WHAT TO DO →
Beginning with the line of the entries below that holds "Holztreppen, Carports, Bl Holztreppen, Carports, Blech- u." and ending with the line that holds "Delays can cause", transcribe each line exactly as written. Pictures stay out.

DATA FOR ANALYSIS →
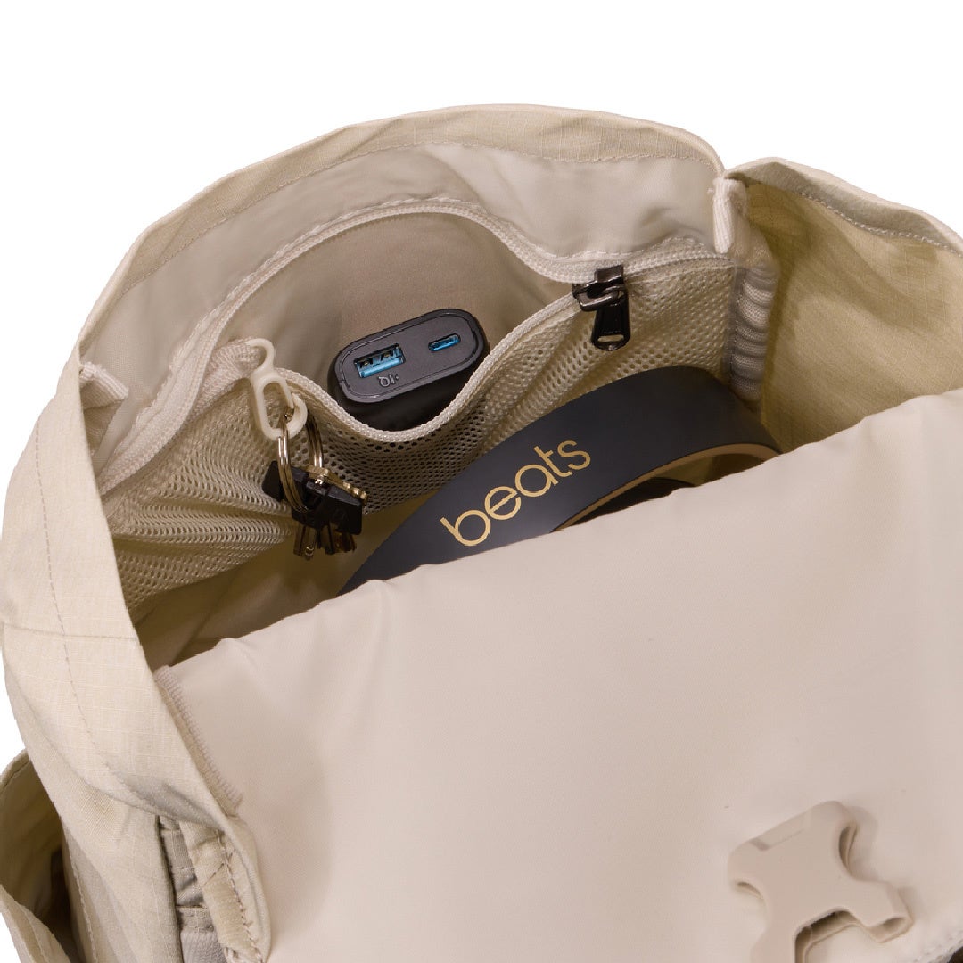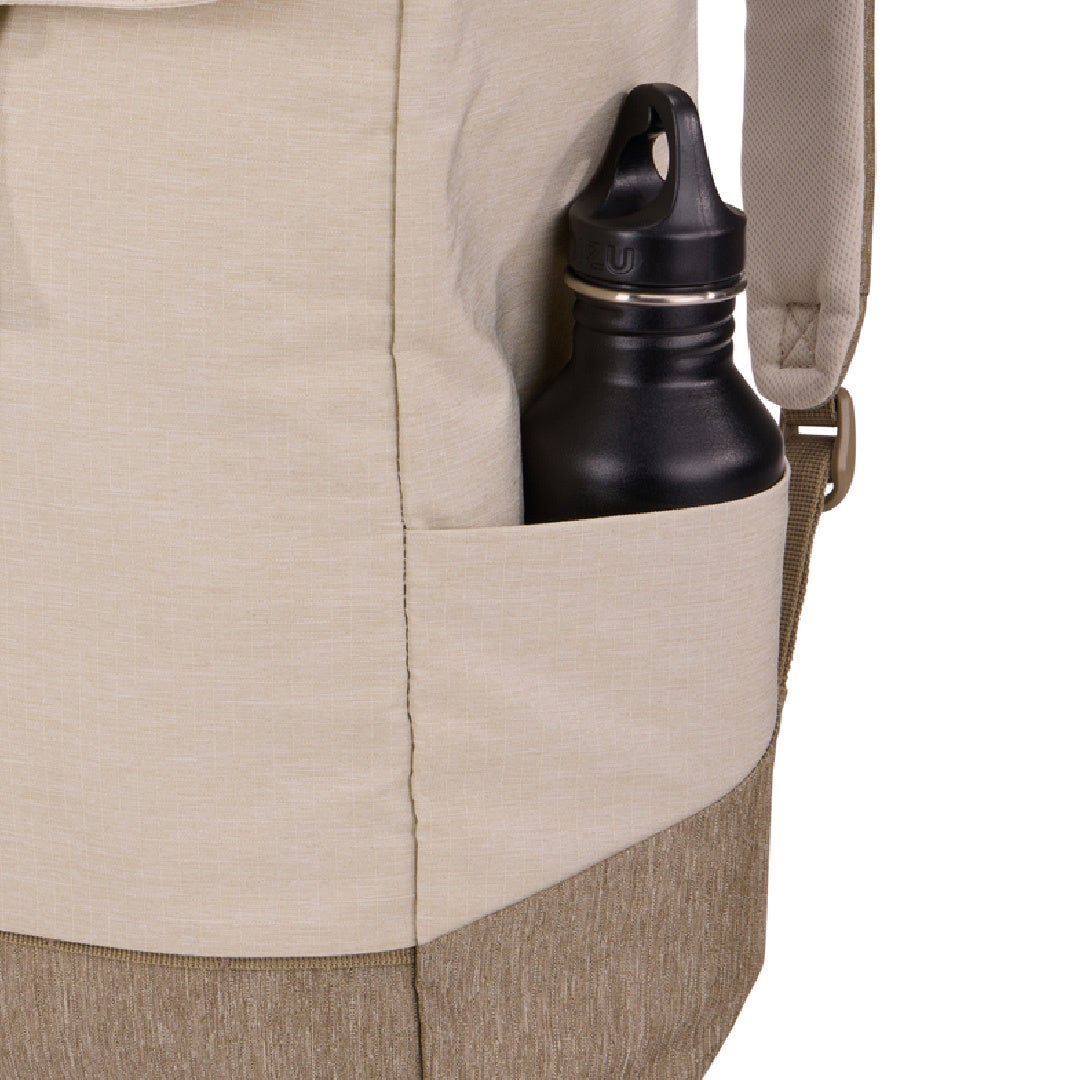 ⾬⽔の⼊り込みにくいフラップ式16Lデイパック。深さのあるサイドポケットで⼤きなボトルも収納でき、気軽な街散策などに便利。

--

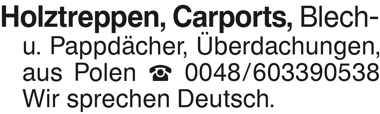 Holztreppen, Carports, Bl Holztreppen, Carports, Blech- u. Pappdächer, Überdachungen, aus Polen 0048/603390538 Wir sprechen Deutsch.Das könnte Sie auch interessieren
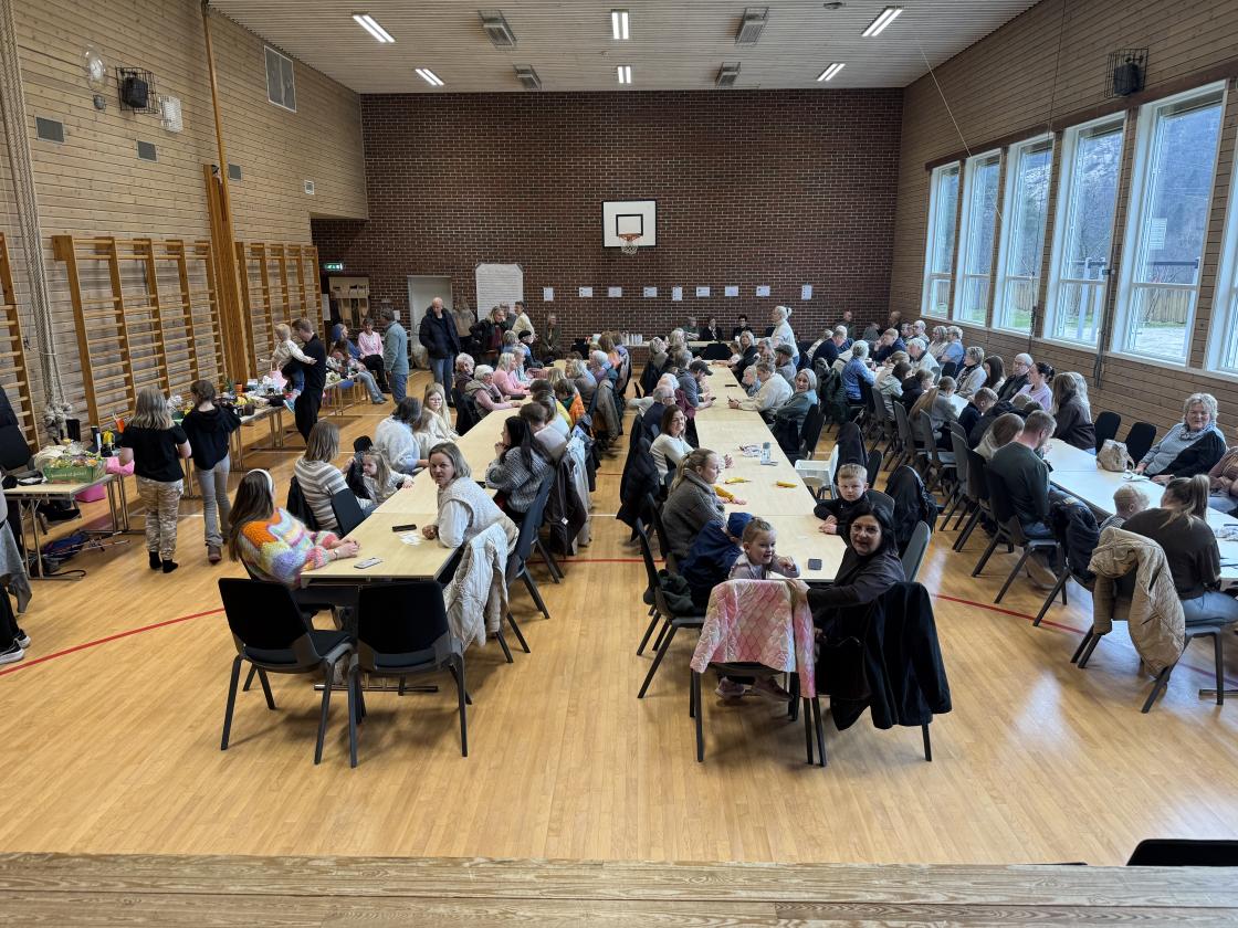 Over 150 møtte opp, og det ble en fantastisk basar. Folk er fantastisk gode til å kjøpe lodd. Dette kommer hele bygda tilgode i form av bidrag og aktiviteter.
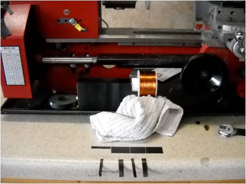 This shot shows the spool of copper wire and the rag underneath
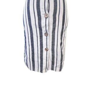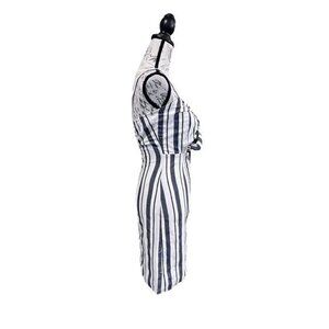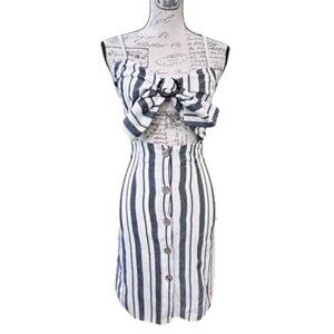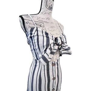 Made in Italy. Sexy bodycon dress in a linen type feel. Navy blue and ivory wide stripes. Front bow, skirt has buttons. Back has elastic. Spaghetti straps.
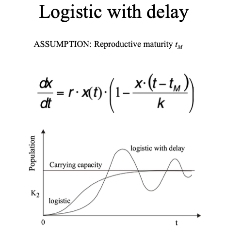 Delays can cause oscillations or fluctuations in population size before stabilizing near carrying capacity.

...

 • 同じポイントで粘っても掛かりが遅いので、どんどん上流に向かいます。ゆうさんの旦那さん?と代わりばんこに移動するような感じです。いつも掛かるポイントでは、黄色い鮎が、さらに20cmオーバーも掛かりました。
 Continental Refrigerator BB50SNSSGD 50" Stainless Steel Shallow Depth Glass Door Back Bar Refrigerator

SOLUTION FOR THIS PROBLEM →
 Holztreppen, Carports, Bl Holztreppen, Carports, Blech- u. Pappdächer, Überdachungen, aus Polen 0048/603390538 Wir sprechen Deutsch.Das könnte Sie auch interessieren
 Over 150 møtte opp, og det ble en fantastisk basar. Folk er fantastisk gode til å kjøpe lodd. Dette kommer hele bygda tilgode i form av bidrag og aktiviteter.
 This shot shows the spool of copper wire and the rag underneath
 Made in Italy. Sexy bodycon dress in a linen type feel. Navy blue and ivory wide stripes. Front bow, skirt has buttons. Back has elastic. Spaghetti straps.
 Delays can cause oscillations or fluctuations in population size before stabilizing near carrying capacity.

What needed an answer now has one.